Biographical details
- Born: September 20, 1879 Turner, Oregon, U.S.
- Died: August 3, 1962 (aged 82) Los Angeles, California, U.S.
- Education: Occidental College

Coaching career (HC unless noted)

Football
- 1909–1910: USC
- 1916–1918: USC

Basketball
- 1918: USC

Track and field
- 1909–1913: USC
- 1916–1948: [USC

Head coaching record
- Overall: 21–8–6 (football) 0–2 (basketball)

= Dean Cromwell =

American sports coach (1879–1962)

Dean Bartlett Cromwell (September 20, 1879 – August 3, 1962), nicknamed "Maker of Champions", was an American athletic coach in multiple sports, principally at the University of Southern California (USC). He was the head coach of the USC track team from 1909 to 1948, excepting 1914 and 1915, and guided the team to 12 NCAA team national championships (1926, 1930–31, 1935–43) and 34 individual NCAA titles. He was the head coach for the U.S. track team at the 1948 Olympic Games in London, and assistant head coach for the U.S. track team at the 1936 Berlin Olympics.

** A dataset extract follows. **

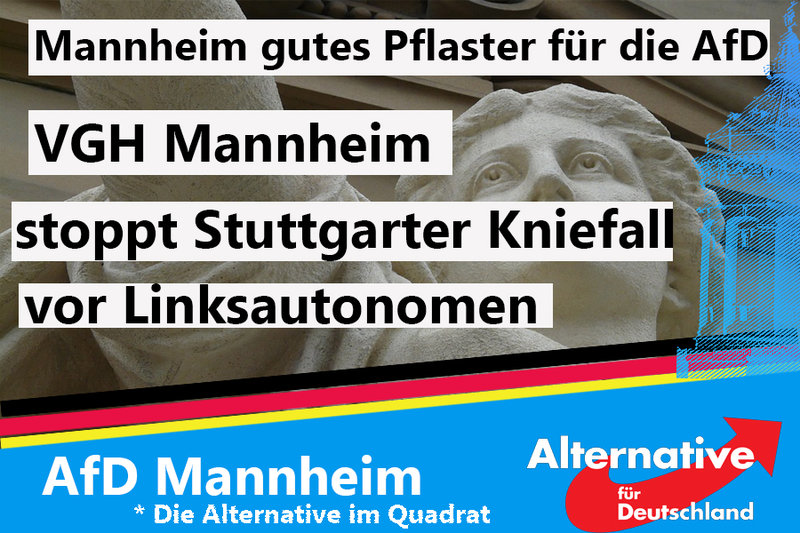 Mannheim ist für die AfD ein gutes Pflaster. Entsprechend kassierte der Verwaltungsgerichtshof Mannheim in einer heutigen Eilentscheidung das Stuttgarter Skandalurteil zu großen Teilen  pulverisierte den Rechtsbruch des GRÜN regierten Stuttgart und stellte am Tag des Grundgesetzes klar: Es gibt keine Herrschaft des Unrechts: Deutschland ist ein Rechtsstaat und beugt sich nicht dem Unrecht. Die Justiz funktioniert noch und nun ist die Politik gefordert, umzusetzen, was ihnen das Mannheimer Gericht ins Stammbuch geschrieben hat: Recht und Ordnung wieder herzustellen. Da dies den Roten und Grünen naturgemäß schwerfällt und sich die Schwarzen für das Mitregieren diese Kompetenz aufgegeben haben, ist die AfD die einzige verbliebene Partei, die für Recht und Gesetz einsteht.  Wir werden mit Argusaugen darauf achten und bei jeder Gelegenheit die angemahnten Parteien an ihre Aufgabe erinnern. Vergangenes Wochenende wurde ein friedlicher Demonstrant mittels aufgesetzten Kopfschuss aus einer Schreckschusspistole fast getötet. Er schwebt noch immer in Lebensgefahr.  Es ist bedenklich, dass es so weit kommen musste: erheblicher Gewalt von Demokratiefeinden hat inzwischen einen Einfluss auf unser aller Leben.

At the 1936 Berlin Olympics, it is believed he shared some responsibility for the expulsion of the only two Jewish American sprinters (Sam Stoller and Marty Glickman) from the 4x100m relay team, while trying to appease Adolf Hitler.

==Early life==
Born in Turner, Oregon, Cromwell moved to Southern California with his family as a boy after his father's death, and attended Occidental Prep School and Occidental College, graduating in 1902. While at Occidental, he was a multi-sport standout athlete, playing football and baseball and competing in track and cycling; in 1901 the Helms Athletic Foundation named him the outstanding athlete in Southern California. After college, he worked for the telephone company, also continuing to compete in local amateur sports.

==Career==
After being hired as USC's track coach, Cromwell became known for his skill in developing star athletes. His many outstanding pupils included Fred Kelly (1912 gold medalist in the 110m hurdles), Charley Paddock (1920 gold medalist in the 100m and 4 × 100 relay), Bud Houser (1924 gold medalist in the shot put and discus; 1928 gold medalist in the discus), Jess Mortensen (1929 NCAA javelin champion, 1931 world record in the decathlon), Frank Wykoff (1928, 1932 and 1936 gold medalist in the 4 × 100 relay), Ken Carpenter (1936 gold medalist in the discus), Earle Meadows (1936 gold medalist in the pole vault), Louis Zamperini (collegiate record-holder in the mile from 1938–53), Wilbur Thompson (1948 gold medalist in the shot put), Cliff Bourland (1948 gold medalist in the 4 × 400 relay), Bill Sefton (two-time world record holder in the pole vault), and Mel Patton (1948 gold medalist in the 200m and 4 × 100 relay). Athletes coached by Cromwell eventually set individual world records in 14 events and relay world records in three others, and won 12 Olympic gold medals during his time at USC.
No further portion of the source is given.